_WHAT IS EXPECTED_
A verbatim restatement of the data, free of pictures, is what you should output.

_INPUT DATA_
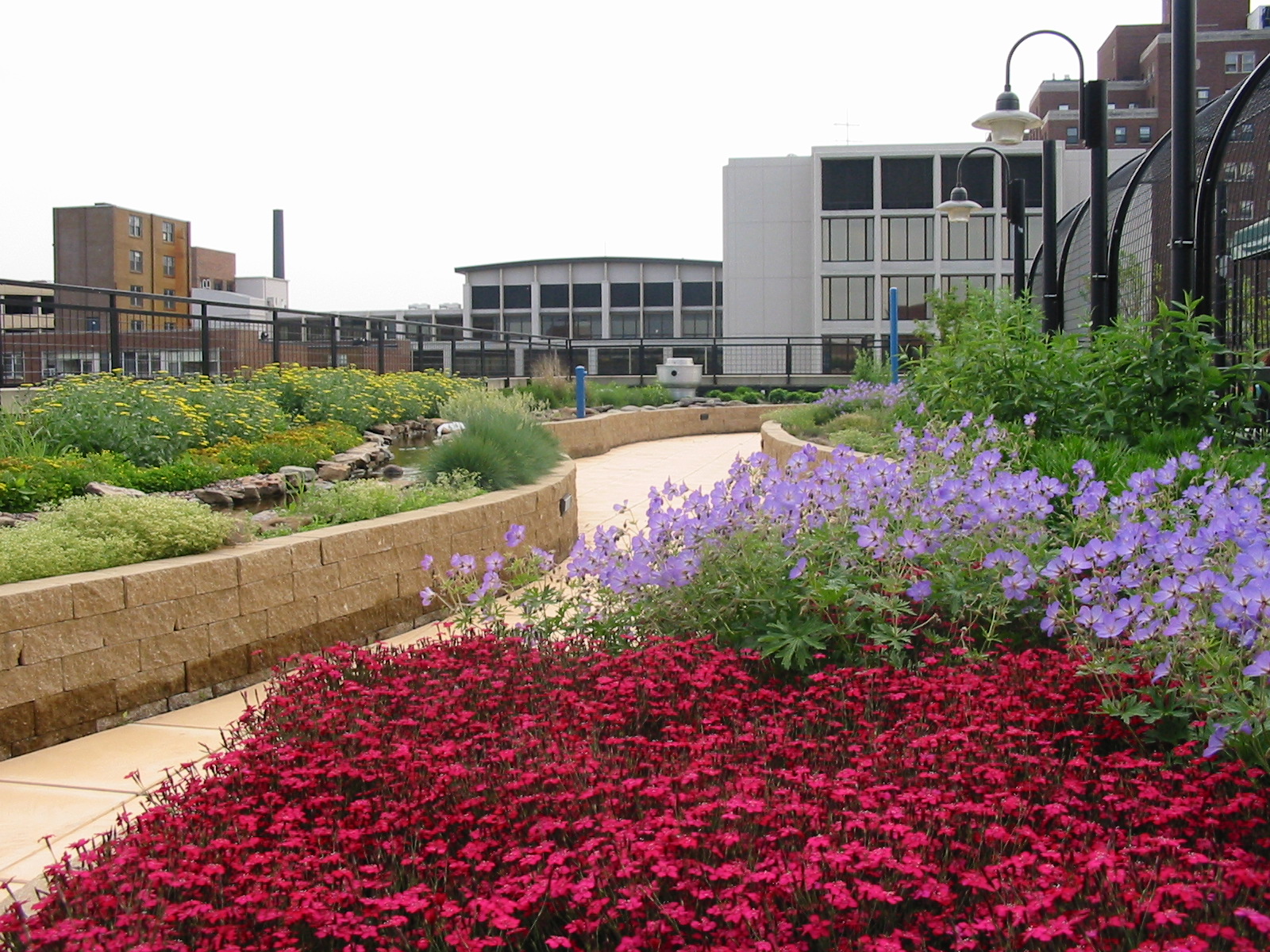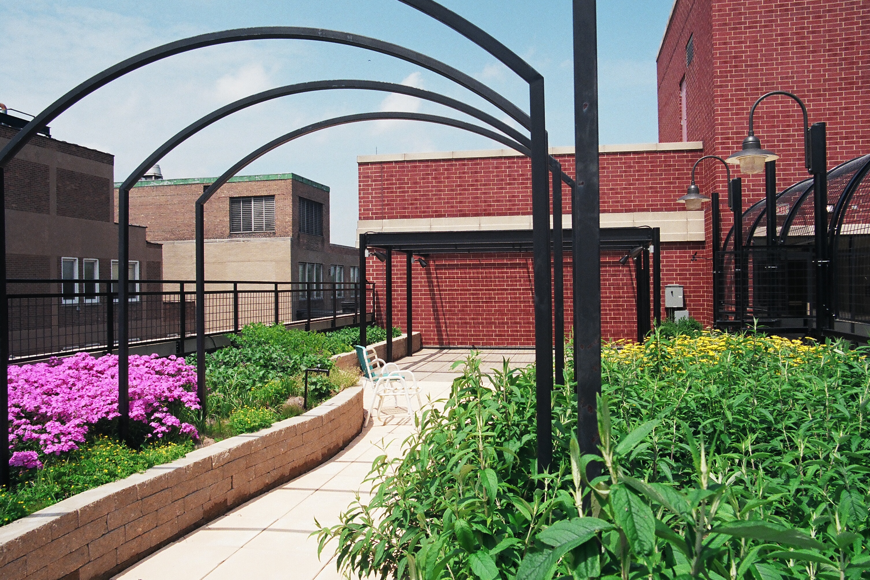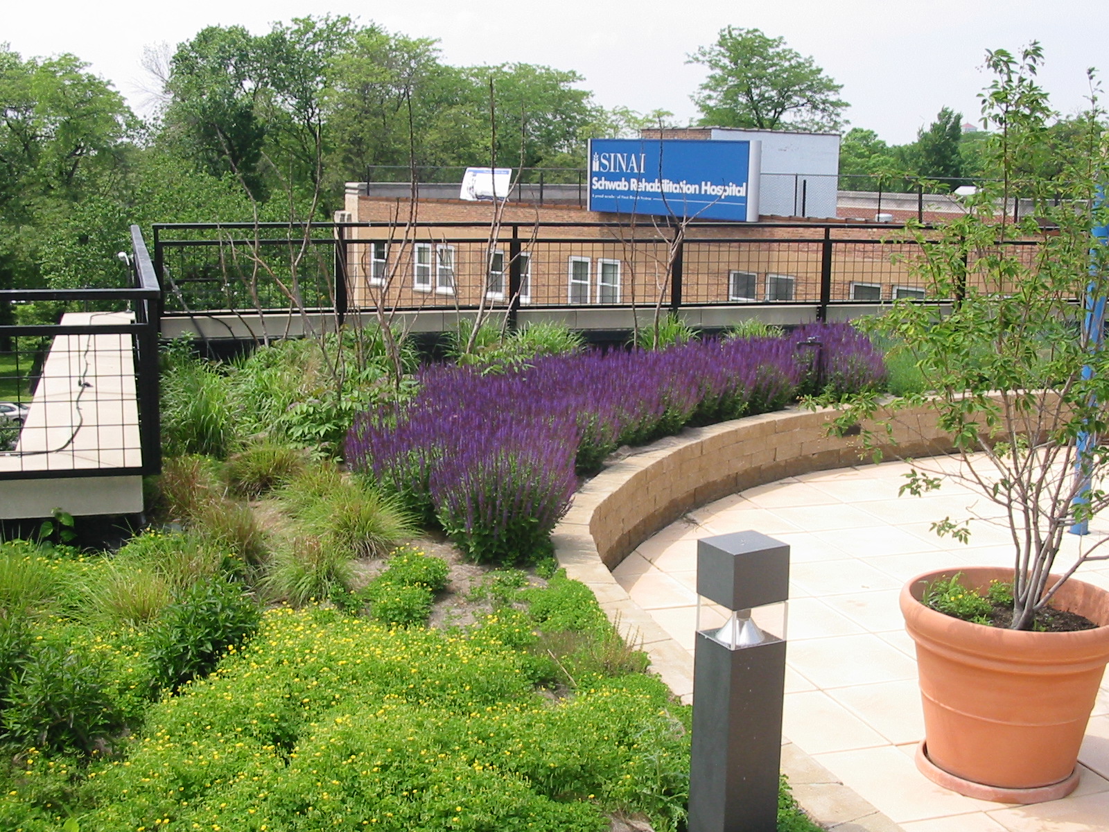 In 2001, Schwab contracted landscape architecture firm Douglas Hills Associates, Inc. to prepare a concept master plan for a therapeutic rooftop garden. Because the hospital was also in the final stage of an adjacent $23 million, multi-phased building addition/renovation project, little funds were available. Through activism initiated by the landscape architect, a lush garden on Schwab’s rooftop was made a reality. The firm discovered special opportunities were available through the City of Chicago’s Department of the Environment, which was issuing green roof grants under its Urban Heat Island Reduction Initiative; from which the hospital received a $400,000 grant.
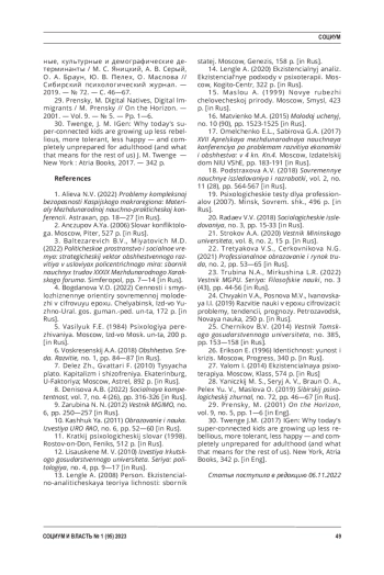 20. Радаев, В. В. Миллениалы на фоне предшествующих поколений: эмпирический анализ / В. В. Радаев // Социологические исследования. - 2018. - № 3. - С. 15-33. EDN: YVQXQU
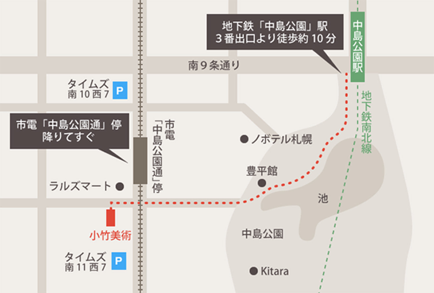 地図上にある赤線に従い中島公園内の「豊平館」を目指し歩いてください。「豊平館」と「札幌コンサートホールKitara」の間の出口を通り、まっすぐ道なりに歩き、信号を一つ渡ると到着いたします。

_PROBLEM SOLUTION_
 In 2001, Schwab contracted landscape architecture firm Douglas Hills Associates, Inc. to prepare a concept master plan for a therapeutic rooftop garden. Because the hospital was also in the final stage of an adjacent $23 million, multi-phased building addition/renovation project, little funds were available. Through activism initiated by the landscape architect, a lush garden on Schwab’s rooftop was made a reality. The firm discovered special opportunities were available through the City of Chicago’s Department of the Environment, which was issuing green roof grants under its Urban Heat Island Reduction Initiative; from which the hospital received a $400,000 grant.
 20. Радаев, В. В. Миллениалы на фоне предшествующих поколений: эмпирический анализ / В. В. Радаев // Социологические исследования. - 2018. - № 3. - С. 15-33. EDN: YVQXQU
 地図上にある赤線に従い中島公園内の「豊平館」を目指し歩いてください。「豊平館」と「札幌コンサートホールKitara」の間の出口を通り、まっすぐ道なりに歩き、信号を一つ渡ると到着いたします。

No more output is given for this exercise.